Responsables de la plate-forme :

Responsable technique et coordinatrice | Laurence MOLINA
Responsable scientifique | Franck MOLINA


Demande de prestation :

Les demandes de prestations sont à faire en adressant un message  à l’adresse ppc[@]sys2diag.cnrs.fr.

En cliquant ici > Accédez au formulaire en ligne


Missions :

Les demandes de prestations sont à faire sur le site du Pôle Protéomique de Montpellier (PPM). Il vous faudra sélectionner dans le champs contact préalable : Plate-forme de protéomique clinique (SYS2DIAG) pour que votre requête nous soit acheminée.

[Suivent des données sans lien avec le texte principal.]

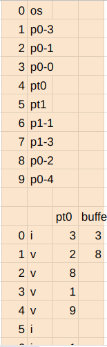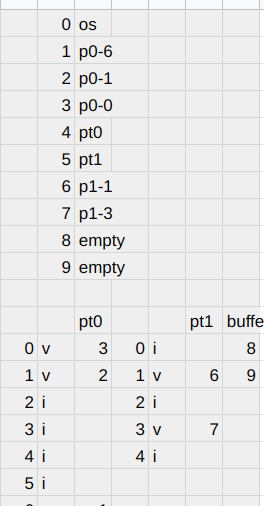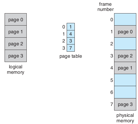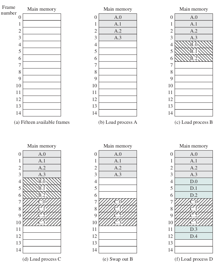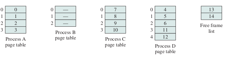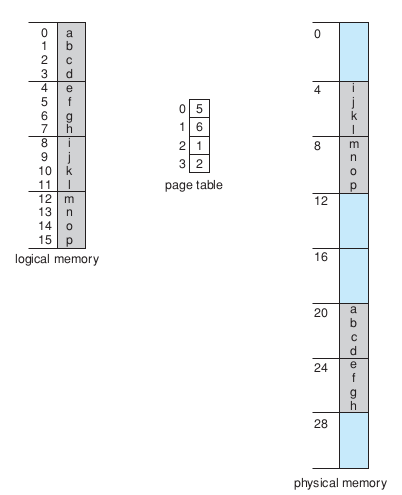یک کامپیوتر با حافظهٔ ۳۲ بایت و اندازههای قاب ۸ بایتی و یک فرآیند
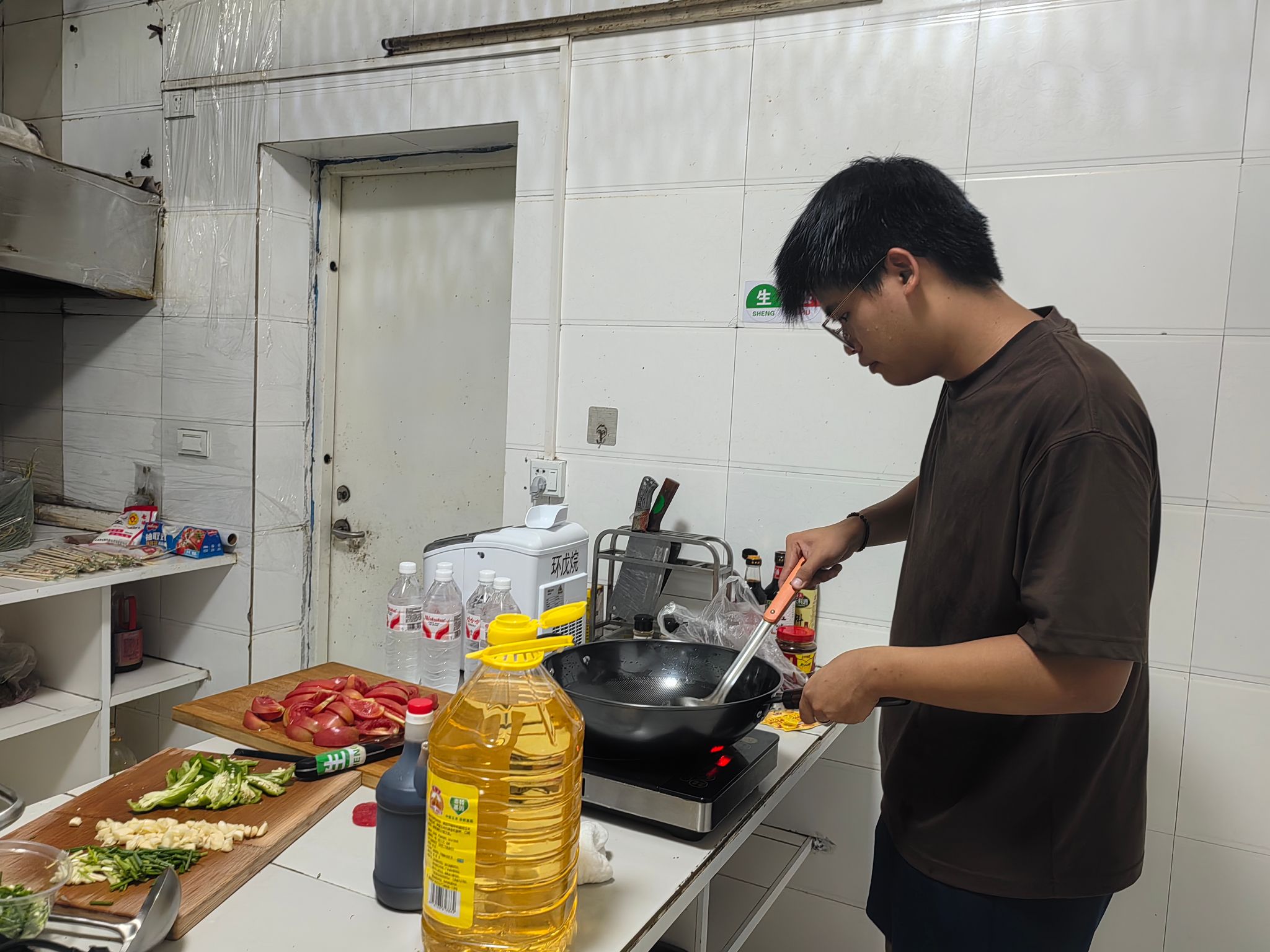 当日12点,12名队员在丹江站准时汇合。短暂整顿后,一点二十众人坐上了前往彭家沟小学的车。在一个小时的行程中,乡间小路狭窄拥挤且蜿蜒盘旋,不过有沿途可见的乡间牛群和清澈见底的丹江水。到达彭家沟小学后,队员们首先吃了导员带来的食物补充能量。随后便开始分工打扫。大家明确分工,有的负责清扫教室地面,将灰尘、纸屑等一一扫起;有的擦拭课桌椅,不放过任何一个角落,把桌椅擦得干净明亮;有的则清理校园内的杂物,将操场、花坛周边的垃圾捡起并分类处理。在打扫过程中,大家都十分认真,不怕脏不怕累。与此同时,导员前往镇上购买生活用品和食材。导员们归来后,众人开启互助做饭模式,队员们有的帮忙洗菜、择菜,有的负责生火、掌勺,大家齐心协力,共同准备晚餐。
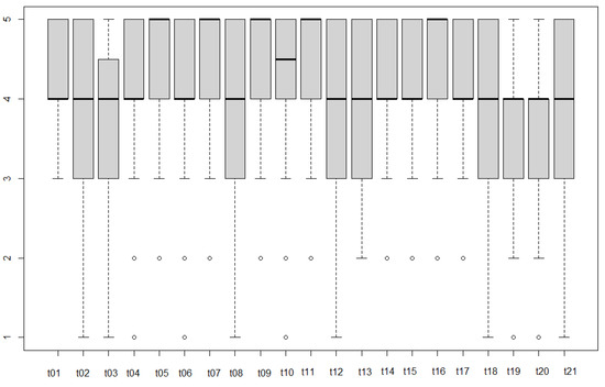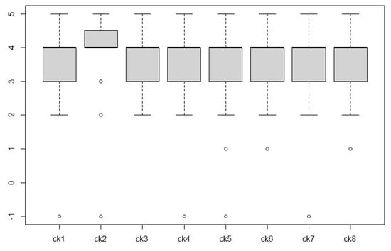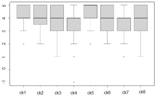 The pre-service teachers assessed themselves homogenously high on ESD-related content knowledge; the median was 4 for all items (see Figure 7). They felt most competent in system thinking (CK2) (see Figure 7 and Box 1). The importance assigned to the items correlated to the assessed competence (p < 0.01), but it was more heterogeneous and slightly higher (see Figure 8). The median was four for all items, but dynamics and interdependencies of global processes (CK5) were rated the most important (median = 5).
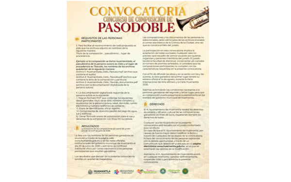 La convocatoria está dirigida a personas mayores de 18 años, quienes podrán participar con una obra original e inédita que incluya letra y música, inspirada en temas emblemáticos como “Huamantla”, “La Noche que Nadie Duerme”, “Virgen de la Caridad” o “Huamantlada”. Las composiciones deberán pertenecer al género pasodoble taurino y tener una duración máxima de seis minutos.
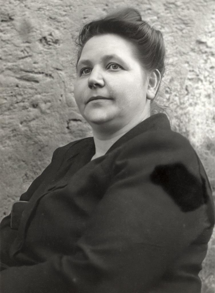Debelušno gospo na tej sliki sem videla na vsaj še dveh fotografijah in tudi sicer se mi zdi znana, a za vse na svetu ne vem kdo je. Jo bo prepoznal kdo od bralcev? Zaradi frizure in obleke me nekoliko spominja na Špetnakovo gospo, a ta na sliki ni (še?) svetlolasa. Redke so bile v tistem času tako lepo zaobljene ženske, več je bilo pretirano kumrnih, zgaranih, pretegnjenih, sključenih, čotastih, grbastih. Portretna slika je, sodeč po ozadju, posneta po vojni pred letom 1954 pred Mavkotovo hišo, nekje na vrtu pa skupinska nekako prav takrat. Kdo je neznanka? Kmetica ali delavka skoraj gotovo ne. Amerikanka ali sorodnica iz mesta?… Gotovo so jo vaščanke blagrovale, kako dobro ji je in kako zdrava je, ko je tako lepo okrogla. Takrat je bilo debelo še lepo … Rubens je že vedel zakaj.

La Plate-forme de Protéomique Clinique (PPC) vise à exploiter les derniers développements technologiques et bioinformatiques en protéomique pour la découverte et la validation de biomarqueurs dans des pathologies humaines complexes.
Les missions fixées pour la plate-forme protéomique clinique s’articulent autour de 2 axes :
– Développer de nouvelles approches méthodologiques pour la protéomique clinique dans le domaine de la préparation des échantillons biologiques (préfractionnement, enrichissement en protéines faiblement abondantes, …), de la séparation des protéines et de l’analyse bioinformatique des données.
– Rendre disponible aux équipes académiques et industrielles régionales et au-delà, une expertise médicale, biologique et technique en Protéomique Clinique.


Compétences :

Biochimie
● Aide à la conception des expériences protéomiques
● Préparation des échantillons biologiques pour l’analyse protéomique (préfractionnement, enrichissement protéique, …)
● Séparation des protéines par électrophorèse (1D et 2D)
● Analyse d’image (Progenesis Samespot, Sili2Dgel)
● Protéomiques quantitative et qualitative
● Dosages multiplexés

Biostatistique/Bioinformatique
● Management des données : Contrôle qualité des données, identification des biais, traitement préliminaire des données (normalisation, soustraction du bruit de fond)
● Analyses fonctionnelle des réseaux biologiques de protéines

Peptides arrays – analyse d’interactions
● Synthèse rapide d’un grand nombre de peptides différents sur membrane de cellulose (peptide arrays) pour la cartographie et la caractérisation d’épitopes et de sites d’interactions. La réactivité est facilement évaluée par des tests de type immuno-révélation.

Microfluidique
● Plateau d’analyses microfluidiques en phases homogènes et hétérogènes (droplets, vesicules, cellules)


Équipements :

● Séparation des protéines en gel mono et bi-dimensionnel et analyse d’image (Accès MS)
● Analyse multiplexées de type luminex® (Bioplex®, Biorad)
● Logiciels en biostatistiques, analyses de réseaux et en mathématiques: R, Cytoscape
● Serveurs de calcul et de stockage.
● Robot de synthèse Multipep (Intavis)
● Système d’analyse microfluidique (Microscope fluorescence, lasers, micro-pompes, cameras haute vitesse, etc.)


Accés :

La plate-forme accueille les projets du laboratoire mais aussi les projets d’équipes de recherche académiques ou privées sous forme de collaborations (ou de prestations). La Plateforme offre une expertise et des moyens techniques en biochimie, en biostatistiques, en bioinformatique, en microfluidique et en chimie du peptide appliqués aux domaines de la protéomique clinique.


Qualité :

Afin de pleinement souscrire aux critères de qualité la plateforme s’est engagé dans une démarche qualité.